◆ **REQUIRED WORK**:
Word for word, repeat the entries, minus the pictures.

____ DATA RECORDS

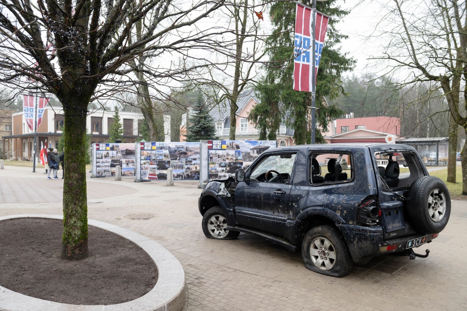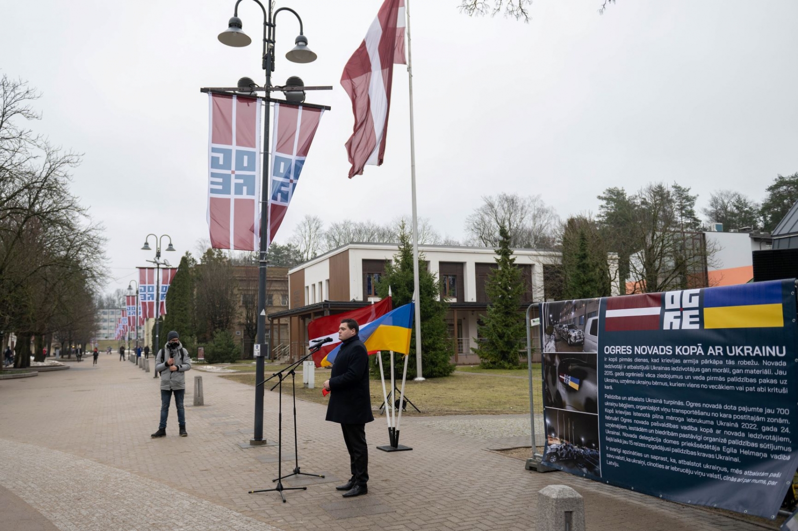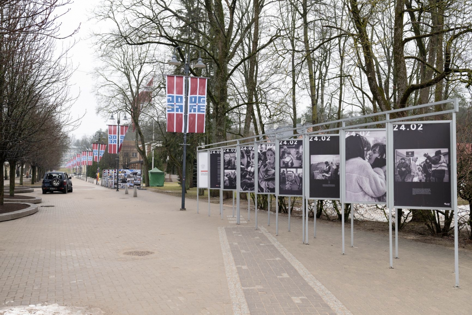 Ogres pilsētas centrā atklātas Ukrainai veltītas fotoizstādes 24.02.2024.
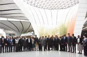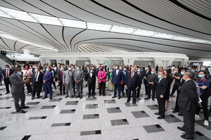 | Diplomatic envoys visit the Terminal of Beijing Daxing International Airport. | Group photo of Chinese and foreign representatives at the Beijing Daxing International Airport. |
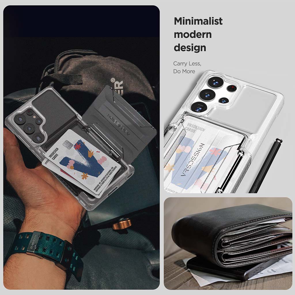 Almacenamiento resistente suficiente para 2 tarjetas con carga inalámbrica limitada.
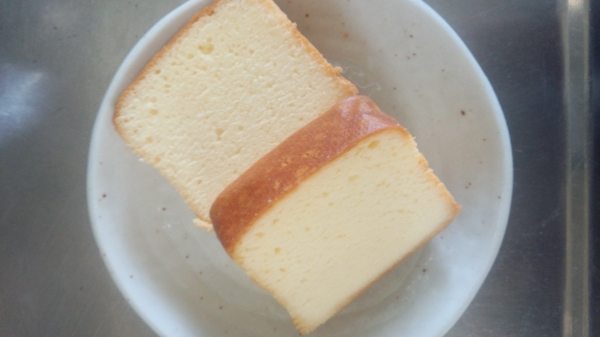 早速中袋を開け、リッチな食感が楽しめるよう3センチくらいの厚さに切り分けると、包丁を入れているときからしっとり滑らかな生地の感じが伝わってきて期待が膨らみます(^_^)
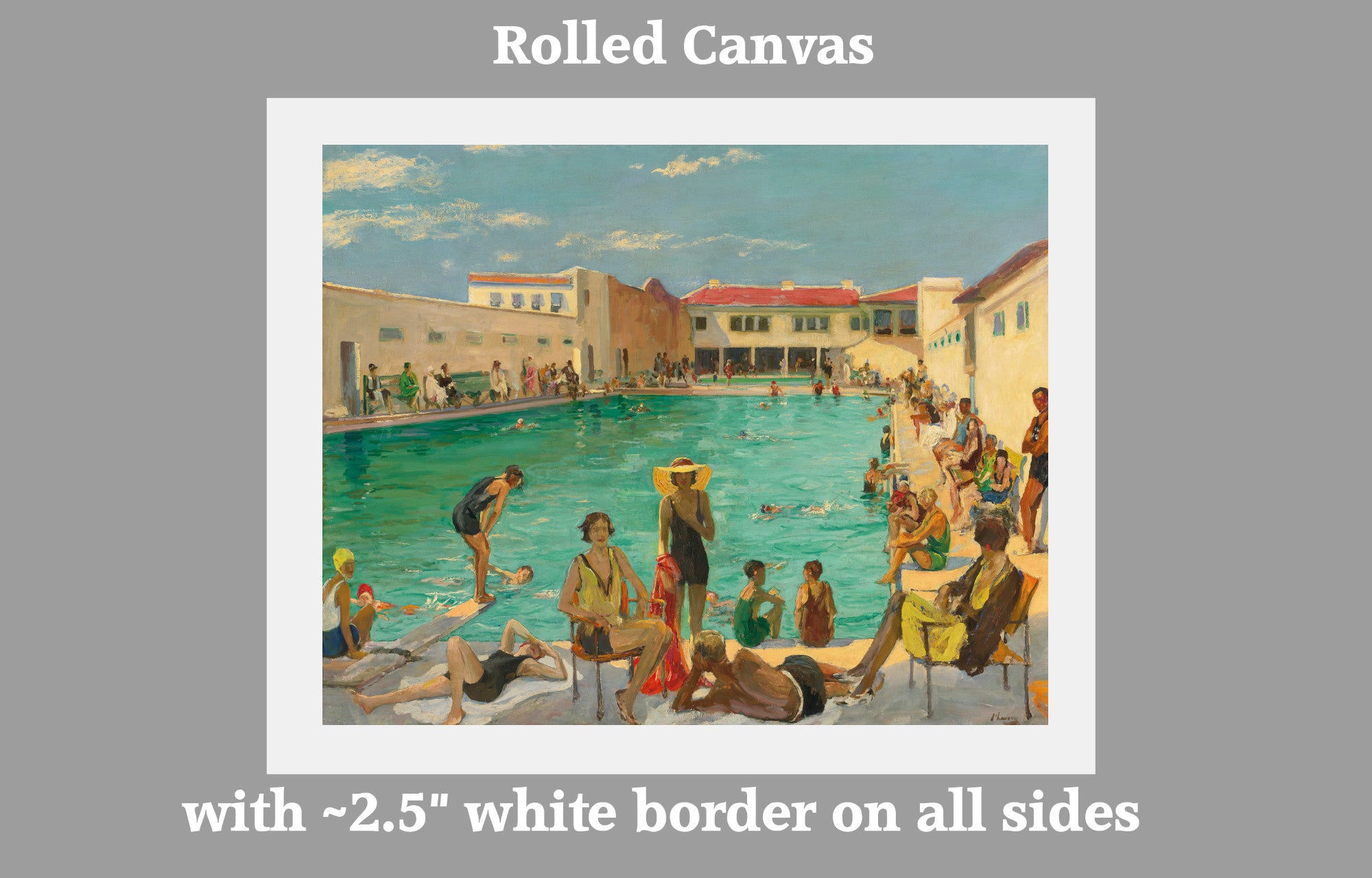 Rolled canvas options have an additional white border of approximately 2.5 inches (7cm) on all 4 sides to aid stretching.

________

◆ **OUTPUT FOR THIS EXERCISE**:
 Ogres pilsētas centrā atklātas Ukrainai veltītas fotoizstādes 24.02.2024.
 | Diplomatic envoys visit the Terminal of Beijing Daxing International Airport. | Group photo of Chinese and foreign representatives at the Beijing Daxing International Airport. |
 Almacenamiento resistente suficiente para 2 tarjetas con carga inalámbrica limitada.
 早速中袋を開け、リッチな食感が楽しめるよう3センチくらいの厚さに切り分けると、包丁を入れているときからしっとり滑らかな生地の感じが伝わってきて期待が膨らみます(^_^)
 Rolled canvas options have an additional white border of approximately 2.5 inches (7cm) on all 4 sides to aid stretching.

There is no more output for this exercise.